Taoufik Souami, enseignant, souligne que les objectifs des « villes nouvelles », conçues sur le modèle des villes centres classiques, n'a pas vraiment été atteint. Le basculement de l'imaginaire des villes a eu lieu quand les habitants - y compris en zones périurbaines - ont pensé l'avenir de leur commune en termes urbains, et non plus en termes ruraux. Mais la culture urbaine n'est pas encore suffisamment maîtrisée pour fournir de bonnes réponses.

En termes de gouvernance, l'habitant reste rattaché à sa commune, ne serait-ce que par le registre de naissance. D'où l'importance des élus locaux et de la dotation de solidarité rurale qui concerne plus de 20.000 communes périurbaines - à vocation urbaine, mais toujours ressenties comme rurales. Les villes du futur ne peuvent être de toute manière pensées qu'en fonction de leur fonctionnement institutionnel à venir.

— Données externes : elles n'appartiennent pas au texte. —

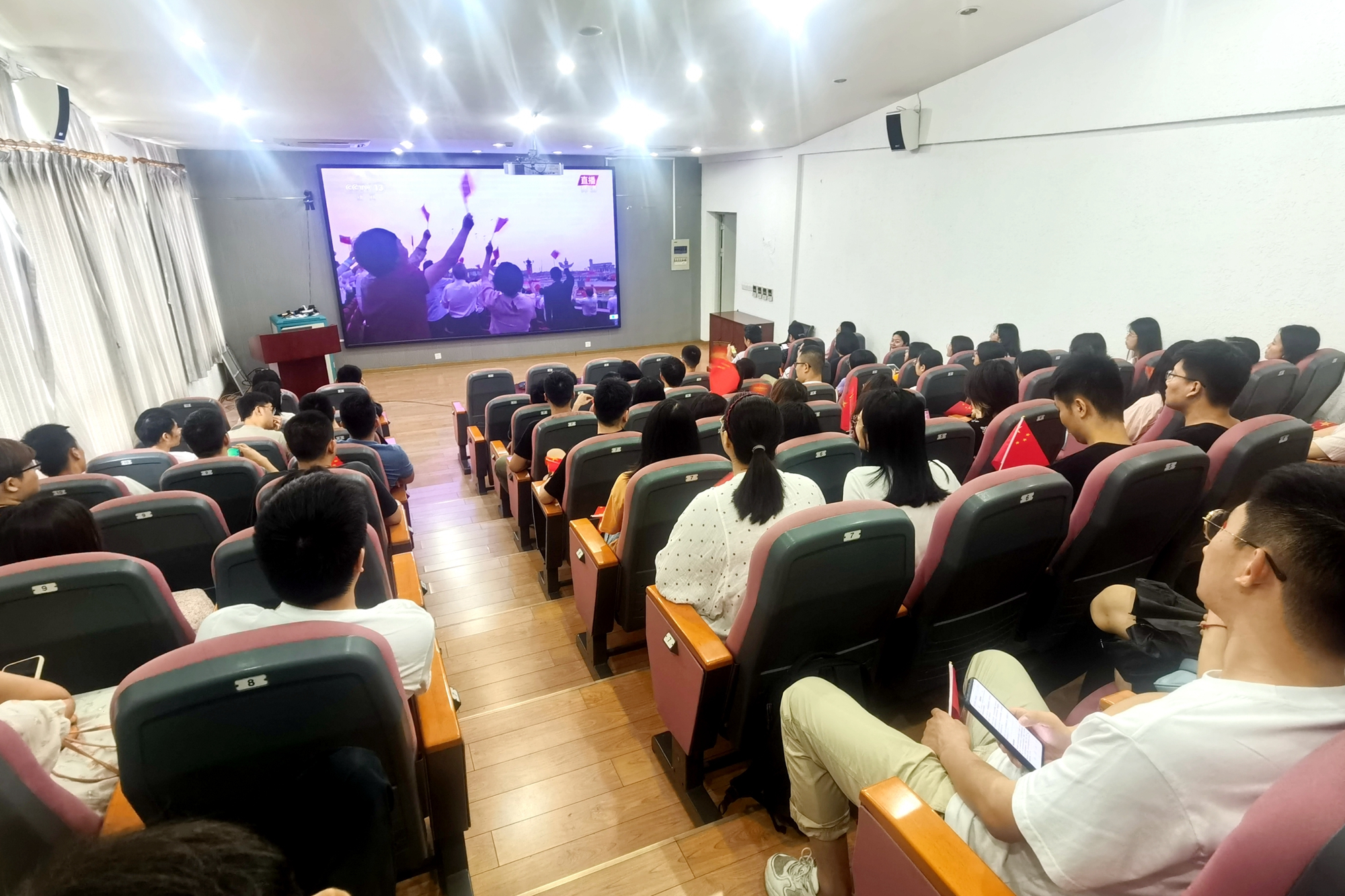 校内各院系单位组织师生在设立的各分会场集体收看

La réflexion sur les villes du futur s'effectue surtout à l'aide de modèles qui sont incarnés par des images , comme l'ont été « les villes nouvelles » avec le RER et d'autres réalisations matérielles de l'époque. Pour prévoir l'évolution des villes, il faut ainsi penser les outils et les processus de fabrication des trajectoires de la ville qui se construit par des inventions permanentes, par « bouts de ville ».

Ces réflexions nouvelles sur des territoires urbains complexes posent aussi des questions de vocabulaire entre la référence à l'urbain et la référence au rural. La ville dès lors est moins une contrainte qu'une ressource, y compris dans la prise en compte de l'environnement.

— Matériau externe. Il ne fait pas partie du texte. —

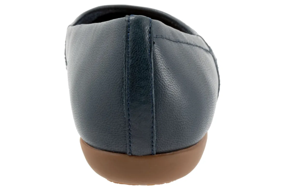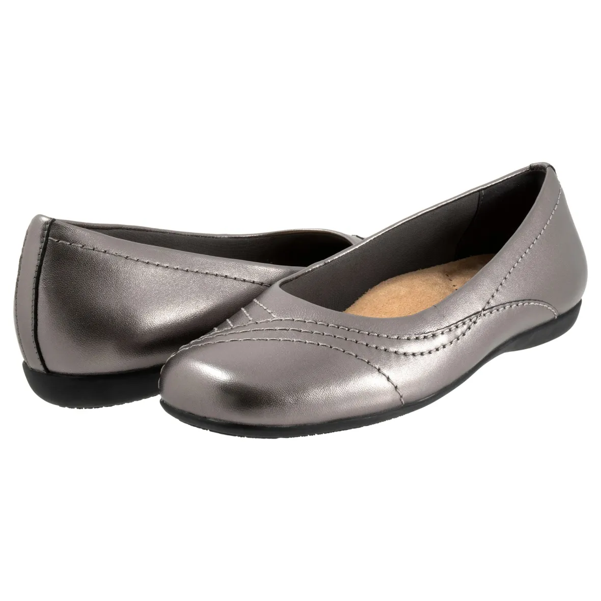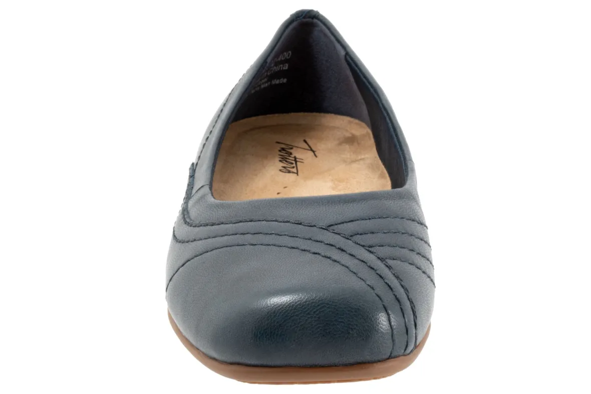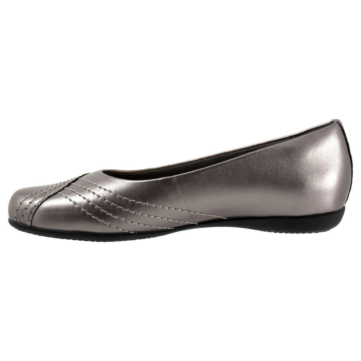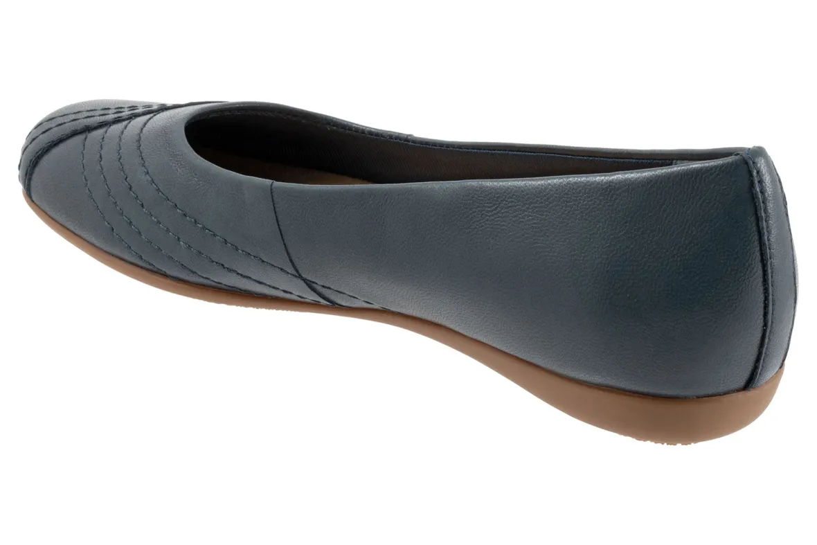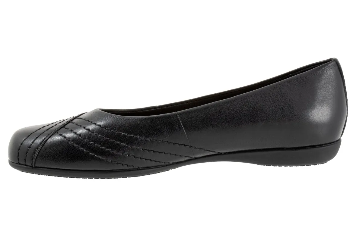 Wavy lines of stitching and overlapping leather give the Sasha flat a sense of whimsy. The removable footbed is cushioned and has arch support and the long-wearing sole is a Trotters best seller.

Les dimensions économiques de la ville sont également à considérer : il n'est plus aussi certain que dans le passé (par exemple à l'époque d'Haussmann) que le processus de construction de la ville par la rente foncière soit toujours aussi effectif. En effet, est-on certain du prix que la société attribue aux morceaux de villes considérés ?

Eric Le Breton, sociologue, évoque cinq aspects de l'avenir des villes :

1. Le droit des flux :

C'est le droit à la fois des habitants et le droit des passants (75 % des Français travaillent dans une commune différente de celle de leur lieu d'habitation). Ce droit porte sur les conflits d'usage de la ville. Il conduit à l'invention d'une nouvelle démocratie pour les passants.

2. Les villes complexes :

Les villes contemporaines sont des villes de plus en plus complexes du fait de l'enchevêtrement entre les multiples zones fonctionnelles (activités, loisirs, habitation, commerce...). Les quartiers de ville sont devenus des labyrinthes, en particulier pour les jeunes, les touristes, les handicapés, les malvoyants etc... Cette remarque pose ainsi le problème de la lisibilité de la ville et aussi du traitement de la divergence urbaine qui s'amplifie (entre les riches et les pauvres).

3. Le périurbain :

Dans les territoires complexes de la ville moderne, le périurbain n'existe pas. Les territoires autour des centres deviennent des mosaïques où s'installe la pauvreté, des populations vieillissantes exclues des services à la personne, des couches sociales qui vivent juste au-dessus des minimas sociaux.

4. Les dimensions sociales de la mobilité :

La première difficulté de l'insertion des populations à risque tient aux difficultés de l'accès à la mobilité en zone urbaine. Les gens sont coincés dans leur quartier ou leur commune. D'où l'interrogation : comment faire monter en puissance les solutions connues : taxis à la demande, covoiturage, transports collectifs, etc. ?

5. Villes du futur ou citoyens du futur ?

Penser la ville du futur n'est-ce pas d'abord penser l'homme du futur ?

S'agissant des effets du changement climatique sur l'évolution des villes, on constate une différence importante entre l'Europe et les États-Unis. La place innovante des entreprises est en effet beaucoup plus marquée en Amérique du Nord.

En définitive, l'important est moins la connaissance de l'utopie urbaine que la prise en compte des conditions du développement de l'utopie urbaine . Or celles-ci dépendent de la prise de conscience par les habitants de cet avenir de leur ville. C'est pourquoi les nouvelles formes de consultation des habitants seront si importantes pour comprendre et pour maîtriser les évolutions des villes.